I'm not a big fan of these. I want a _landscape_, but it instead showed me a
bamboo forest from the inside. There were also some subjects in frame in a few
of those too. We're not focusing on subjects yet. Let's remove the
`bamboo_forest` tag and add the `landscape` and `pagoda` tags:
> `bamboo landscape pagoda grass studio_ghibli hayao_miyazaki happy peaceful summer`
| | |
|:--- |:--- |
| | |
This is a lot closer to what I want. I'm going to stick with this seed too,
`320353`. Now that we have a seed that's better, let's increase the resolution
to 1280x512 to see how that changes things. The AI natively draws images in
512x512 chunks, so the jump to something larger can be weird at times.
| | |
|:--- |:--- |
| | |
That came out way better than expected! Usually doing the jump to 1280x512
causes some cursed results and mutant hell creatures. This is actually somewhat
decent, but I want something a bit more stylized. This is roughly correlating to
the image I have of Kanar in my head, but this looks closer to a drawing of the
area done by an outsider rather than how they would portray themselves. I'm
going to add a few style keywords:
> `bamboo landscape pagoda grass studio_ghibli hayao_miyazaki happy peaceful summer ukiyo-e wood-block`
| | |
|:--- |:--- |
| | |
Something fun you can do is add "masterpiece" to make the image look better and
"unreal engine" to improve the lighting. Let's mess with that here:
> `bamboo landscape pagoda grass studio_ghibli hayao_miyazaki happy peaceful summer ukiyo-e wood-block unreal engine masterpiece very beautiful`
| | |
|:--- |:--- |
| | |
You know what, I'm not feeling that wood-block style. Let's remove it in the
next round. The main thing we need to focus on next is the subject. The main
export of Kanar is a rice-based alcoholic drink. I'm going to add "rice_paddy"
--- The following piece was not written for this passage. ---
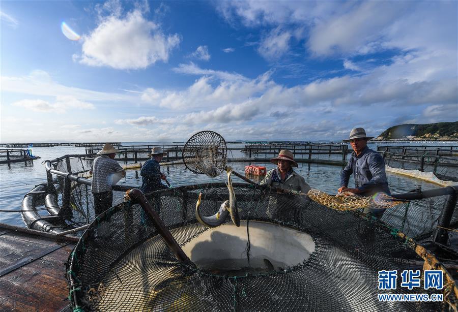 8月18日,南麂島海域的“海上牧場(chǎng)”養(yǎng)殖區(qū)內(nèi),漁民駕駛漁船進(jìn)行養(yǎng)殖作業(yè)。進(jìn)入8月,浙江省溫州市平陽縣南麂鎮(zhèn)海域上大片的大黃魚、貽貝等特色海產(chǎn)品養(yǎng)殖區(qū)域迎來豐收季節(jié),養(yǎng)殖戶們駕駛漁船在養(yǎng)殖區(qū)海域進(jìn)行打撈收獲,在碧海藍(lán)天下構(gòu)成了一幅“海上牧場(chǎng)”的美麗豐收景象。近年來,南麂鎮(zhèn)政府引導(dǎo)漁民養(yǎng)殖戶充分發(fā)揮“靠海吃?!钡馁Y源優(yōu)勢(shì),大力發(fā)展海洋養(yǎng)殖經(jīng)濟(jì)和海島旅游經(jīng)濟(jì),實(shí)現(xiàn)了南麂由“生態(tài)美”向“產(chǎn)業(yè)美”,“產(chǎn)業(yè)美”向“經(jīng)濟(jì)美”的轉(zhuǎn)變。同時(shí)該鎮(zhèn)堅(jiān)持以大黃魚、貽貝等為特色產(chǎn)業(yè)支撐,精準(zhǔn)發(fā)展高效海洋養(yǎng)殖業(yè),重點(diǎn)培養(yǎng)一批新型職業(yè)漁民,依靠專業(yè)技術(shù)支持,實(shí)現(xiàn)深海仿生養(yǎng)殖,讓好生態(tài)造就好品質(zhì),重點(diǎn)打造南麂養(yǎng)殖品牌,組建營(yíng)銷網(wǎng)絡(luò),拓展特色海產(chǎn)品市場(chǎng)。新華社記者 徐昱攝

to the prompt just after `grass`:
> `bamboo landscape pagoda grass rice_paddy studio_ghibli hayao_miyazaki happy peaceful summer ukiyo-e unreal engine masterpiece very beautiful`
| | |
|:--- |:--- |
| | |
I think that last one is going to be the image that I'm going with. Let's see
what happens if we change the time of day:
| | |
|:--- |:--- |
| | |
...well that didn't change the time of day at all. I think I like the nighttime
result though, so I'm going to go with that. Here's the image we have so far:
This has a bit of an imposing feeling, maybe like a castle or some other
important building. Maybe this is the private pagoda of their leader. What if we
add some guards?
> `nighttime bamboo landscape pagoda grass rice_paddy studio_ghibli hayao_miyazaki happy peaceful summer ukiyo-e unreal engine masterpiece very beautiful guards pikemen`
I really like this. This is the kind of vibe that I'm going for. I want
something that makes me _feel_ like I'm looking into that area that I've only
ever seen in my mind's eye from description paragraphs and topological charts.
This is the kind of thing that Stable Diffusion and similar models let you do as
a writer: they let you bring images out of your head and onto the canvas so that
you can have people really understand what it's like. If I wrote a longer story
set in here, I'd probably throw this image and a few others generated with
different seeds to an artist to help me make an image for a book cover.
I'm also not really sure why people call this "prompt engineering", I'd
personally rather call it "scrying", but I can understand why Silicon Valley
culture would push everything towards being "engineering". I just legally can't
call myself an "engineer" in Canada without an engineering degree.
This is the kind of technology I am really excited for, and I can't wait to see
how this evolves. Computers are fun sometimes.